Он чувствовал, после долгих лет исканий, нащупываний, блужданий, опытов, что наконец мог проявить все свои силы и полным голосом произнести обуревавшую его правду. Впервые в жизни он ощущал себя мастером, зорким и мощным, способным уверенно и бесстрашно связывать разрозненные силы жизни великим опытом художнического знания и жгучей мукой личной трагедии. Боль пережитого углубляла и странно крепила его неизъяснимо трудное искусство живописи душ. Он знал, что теперь он сумеет преодолеть все преграды романического построения и придаст своей боли, своим тревогам, своей бедной лихорадке желаний и глубокому стону своего скованного творчества неожиданный и окончательный чекан, безошибочный и ослепительный в своей ужасающей правде. Из глубины скорби, из последних провалов отчаяния и безнадежности он донесет свой голос до великой сферы, отражающей жизнь. Гнет унижений и обид он переплавит в образ и слово абсолютной силы и неумирающего значения. Он соберет всю горечь, которою жизнь пропитала насквозь его сознание, рвавшееся к радости и прославлению ее великих сил, и на последней грани отчаяния и отвращения от мира, на пороге страшнейшей из казней – самоубийства, изверившись во всем и погружаясь в безвозвратный сумрак, он еще вызовет из небытия прекраснейший плод страдания – совершенное создание искусства. Это будет его последним гимном обманувшей его судьбе, предсмертною хвалою жестокой, но мощной и вдохновляющей жизни, прихотливо сеющей свои дары и таящей для избранников и победителей великую награду своих наслаждений…

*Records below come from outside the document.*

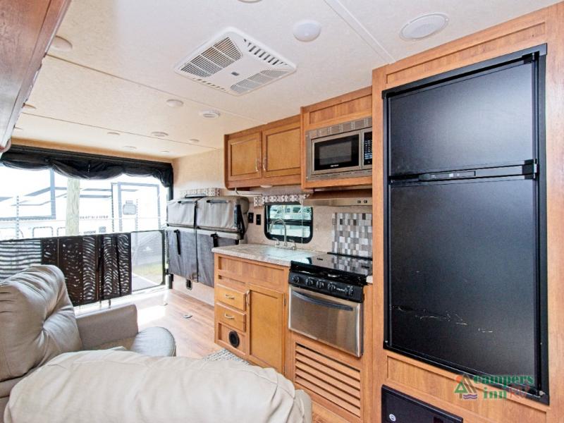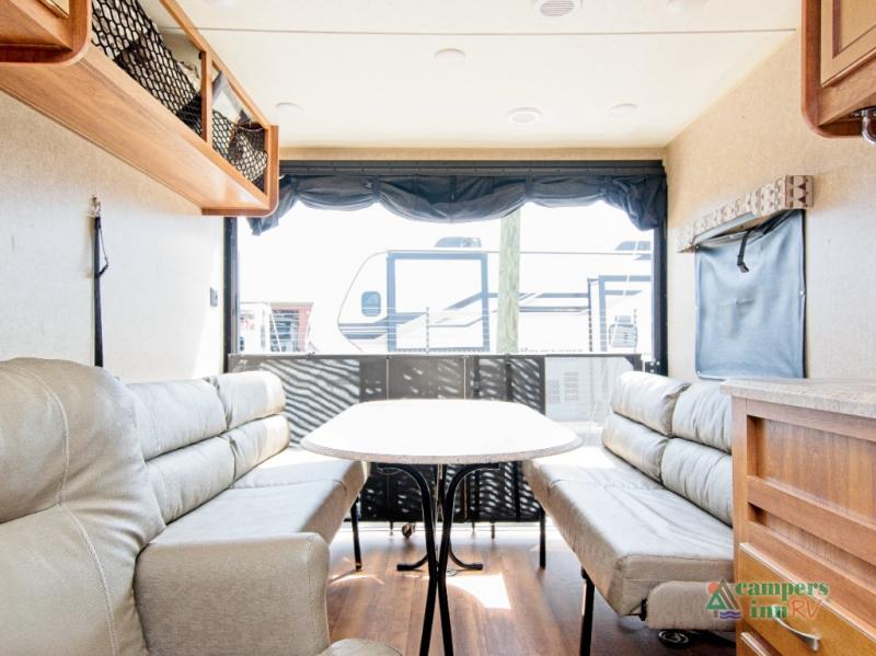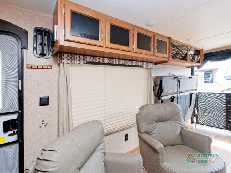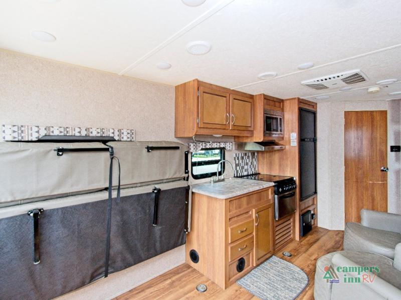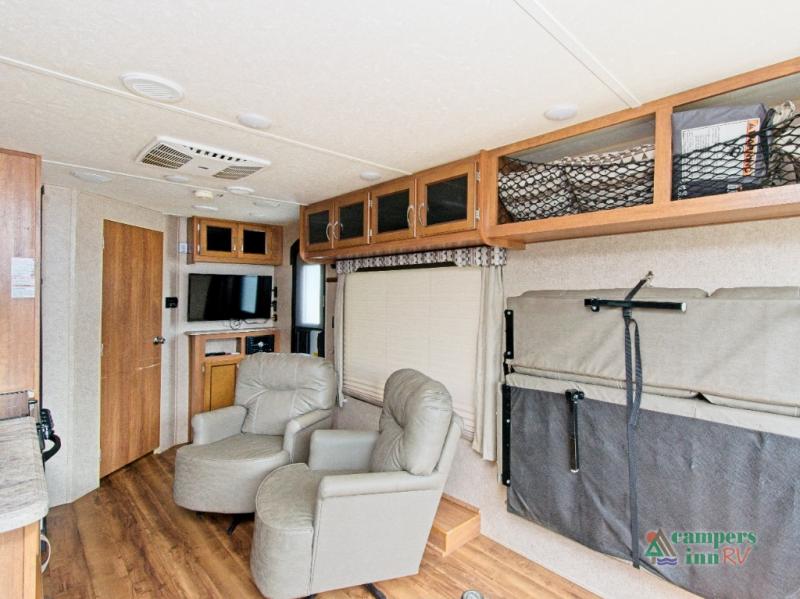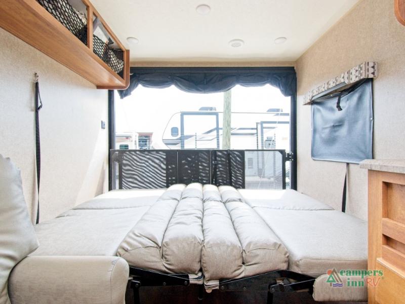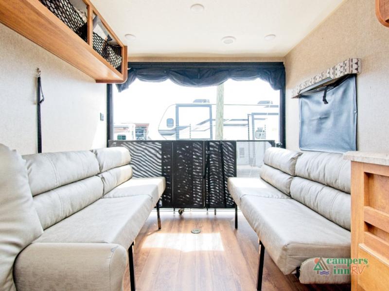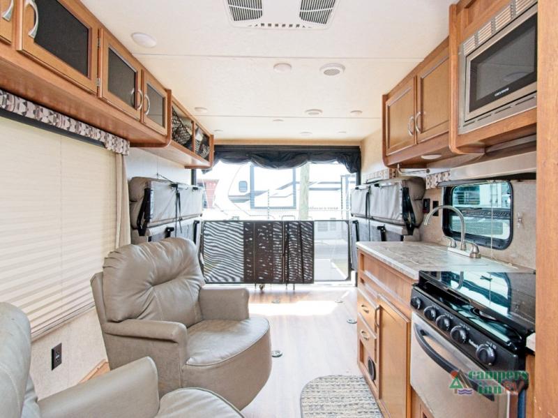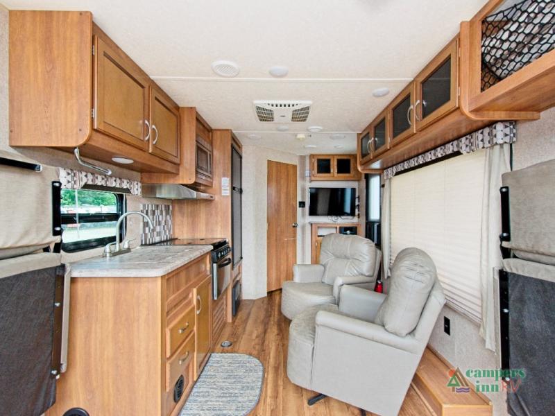 Inside, the dual fold-down sofas offer flexible seating and sleeping arrangements, while the private front bedroom ensures a restful retreat. The fully equipped kitchen includes a microwave oven, two-burner cooktop, and overhead cabinetry for all your essentials. After a day of riding, unwind in one of the two recliners or enjoy a movie night with the available TV mount.
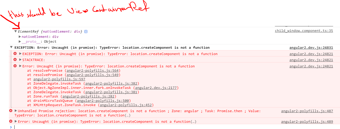 我登录到控制台我从@ViewChild得到了什么,我想得到一个ViewContainerRef,但是我得到了ElementRef,这会导致错误。如何解决这一问题
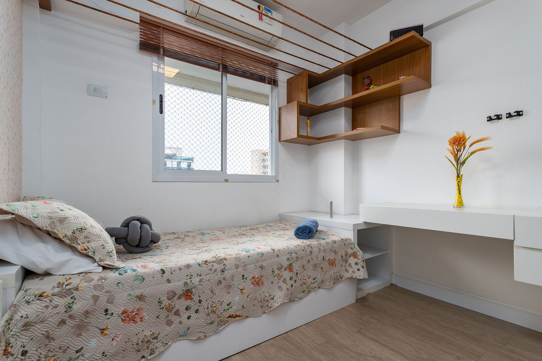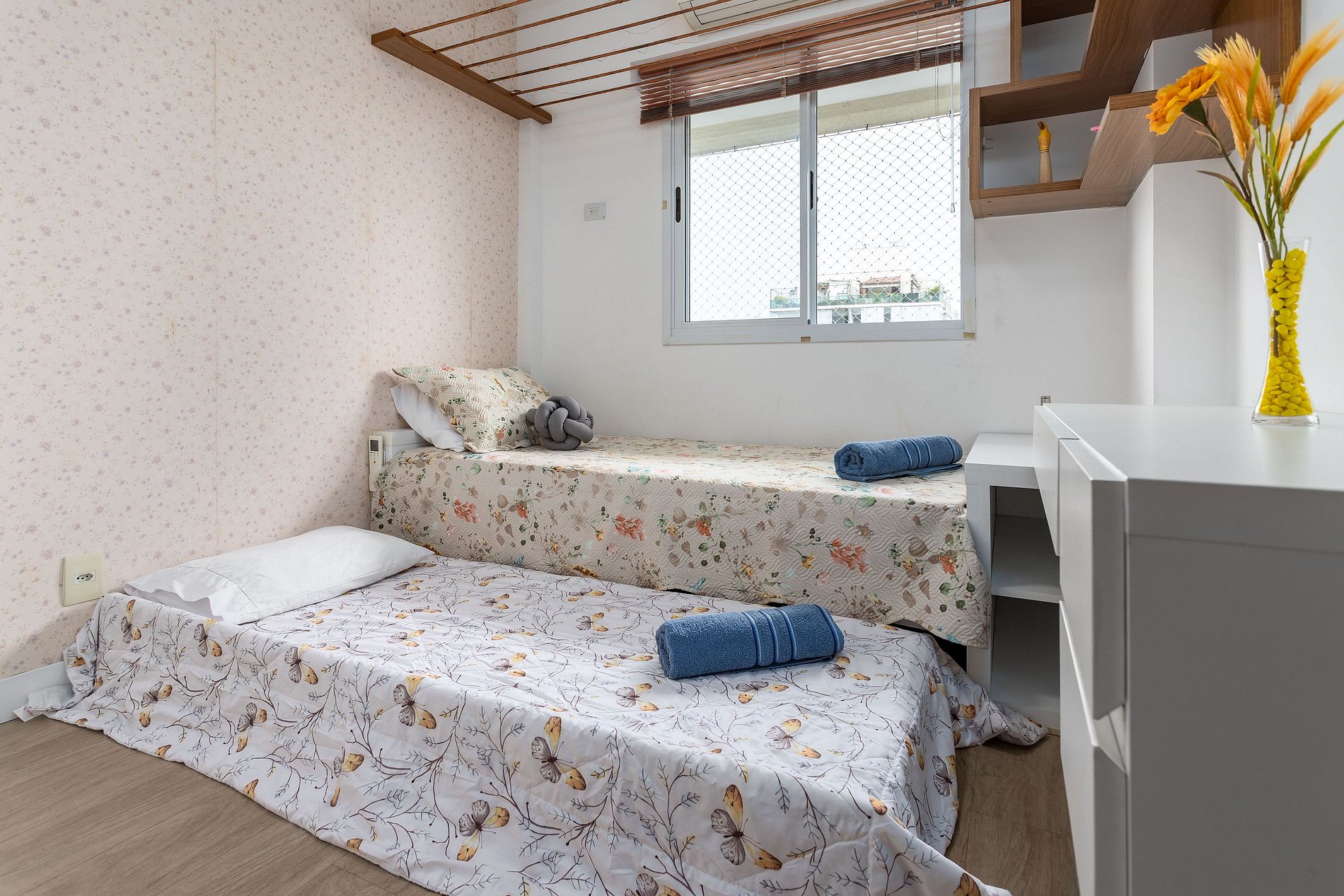 Segundo quarto com bi cama solteiro, black out, armário e ar condicionado.
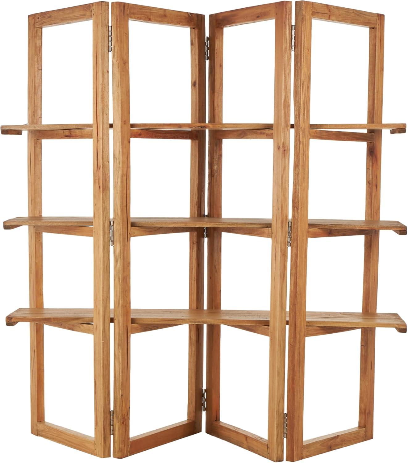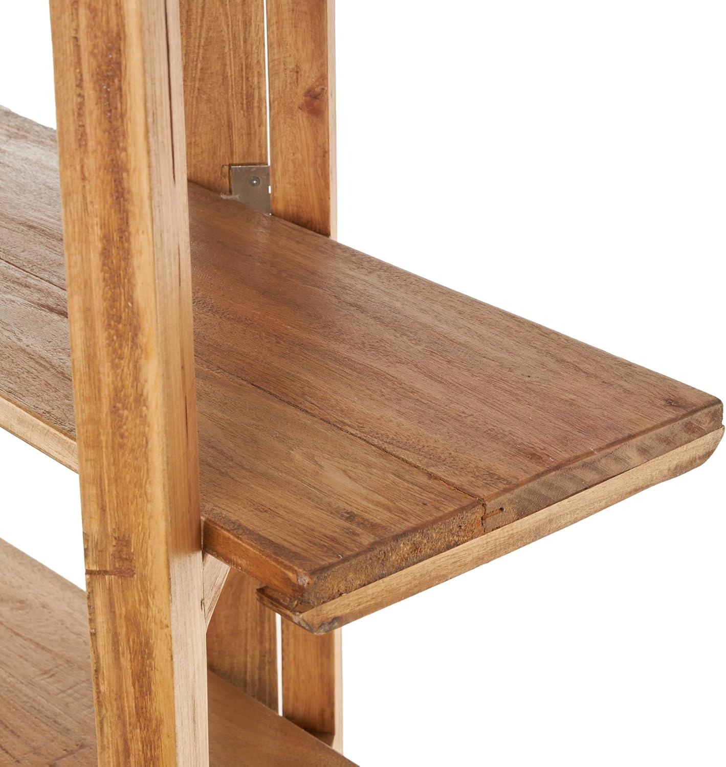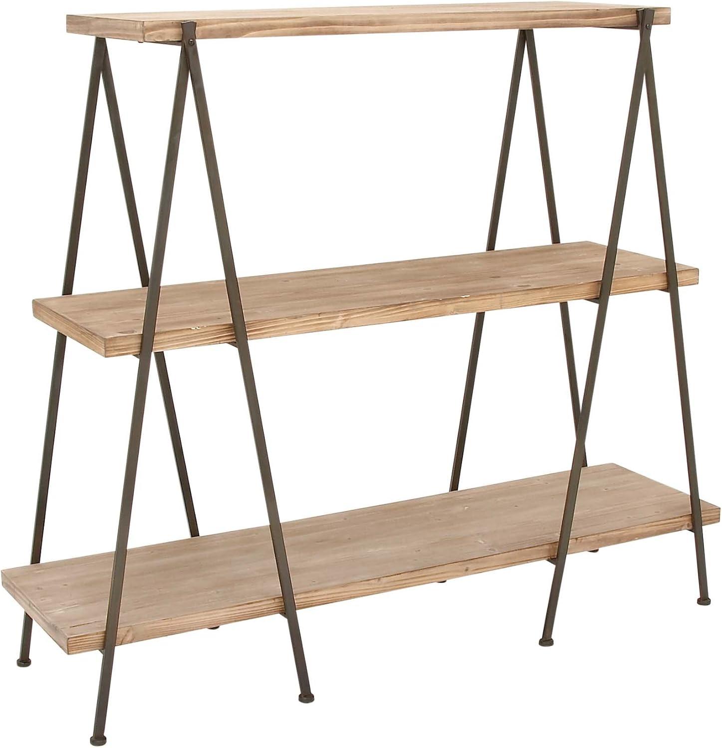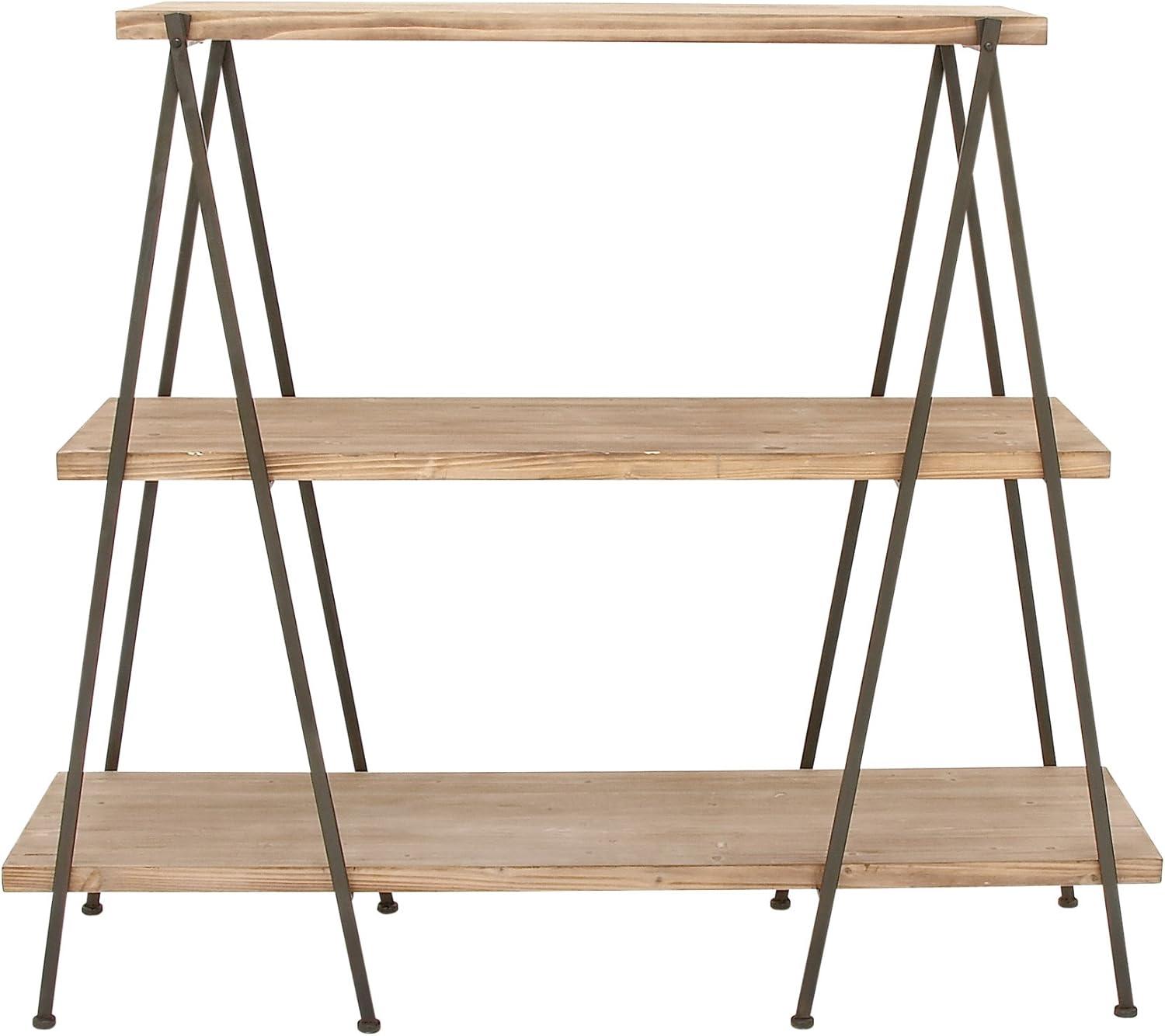Deco 79 Wood Handmade Storage Shelving Unit Folding 3 Shelf Shelving Unit with Silver Metal Hardware, Display Shelf 63" x 22" x 71", Brown(Brown)
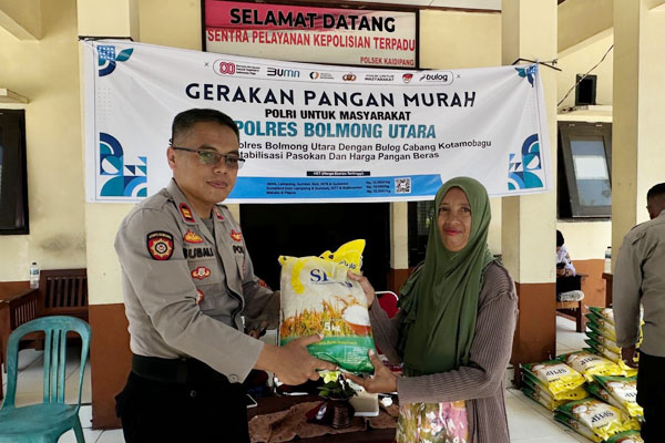 Polres Bolmong Utara dan jajaran terus melaksanakan Gerakan Pangan Murah Polri dan Bulog. Seperti yang digelar di halaman kantor Polsek Kaidipang, pada Minggu (17/8/2025) pagi.
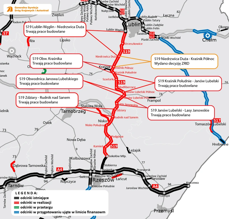 Łącznie w realizacji, w trybie „projektuj i buduj”, jest blisko 130 km drogi ekspresowej S19 - przyszłej Via Carpatia - pomiędzy Lublinem i Sokołowem Małopolskim. Budowę podzielono na 12 odcinków, po sześć w województwie lubelskim i podkarpackim. Z pierwszych odcinków kierowcy powinni skorzystać w połowie 2021 r., a z całej trasy w połowie 2022 r.
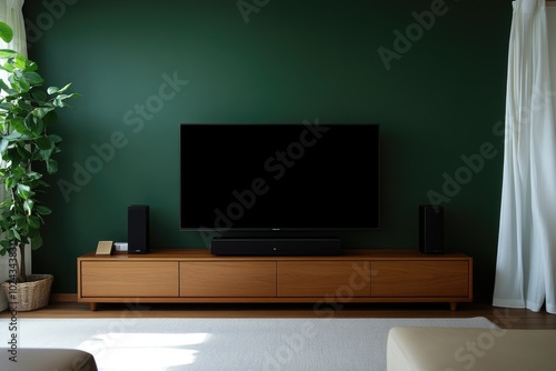 Modern Living Room Interior with Green Wall and Minimalist Furniture
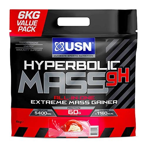 USN Hyperbolic Mass Strawberry 6kg: High Calorie Mass Gainer Protein Powder for

«Радость, первенец творения», – ликующе зазвучало в сознании:
В ярком истины зерцале
Образ твой очам блестит,
В горьком опыта фиале
Твои алмаз на дне горит.
Ты, как образ прохлажденья,
Нам предходишь средь трудов —
Светишь утром возрожденья
Сквозь расселины гробов…
Теперь он знал, что он должен делать. Все греховное, темное, тайное, низменное преодолеть героическим подъемом творческого видения, новой горячей мечтою о всемирном счастьи, великой мыслью, способной преобразить лик истории и озарить на столетия будущие пути человечества. Всю эту скорбь земли, все унижения и обиды подвалов и чердаков, улиц и подполий, казематов и департаментов, каторжных казарм и кристальных дворцов цивилизации собрать в одну связку страниц, влить в одну драму глубокой и смелой совести, возносящейся и парящей на небывалой высоте над всеми падениями, преступлениями, грехами и кровопролитиями. Весь этот мрачный и отвратительный комок личных впечатлений отлить в могучие человеческие образы, создать вековечные типы страдания, смирения, великой кротости и мятежного гения. Всех вспомнить, все вобрать в эту единую книгу – пьяненьких из подпольных кухмистерских и оборванцев лондонского Рэгфайра, Минушек и Марианн, обижаемых и вечно нежных девушек с Невского, ростовщиков и процентщиц, чахоточных женщин и гордых девушек, Бисмарка и Бонапарта, Бута с его кинжалом и Орсини с взрывчатым снарядом, пресмыкающихся судей и неумолимых следователей, клейменых колодников, запорошенных песками пустынь, и неведомых глашатаев древней жесткой азийской мудрости – и затем героев и мучеников, озаренных легендами о пирамидах и Аустерлице, всех этих безвестных поэтов и мечтателей о всеобщей радости, о всемирном счастьи, о наступлении золотого века на этой темной, истерзанной, искаженной, окровавленной и неугасимо милой планете…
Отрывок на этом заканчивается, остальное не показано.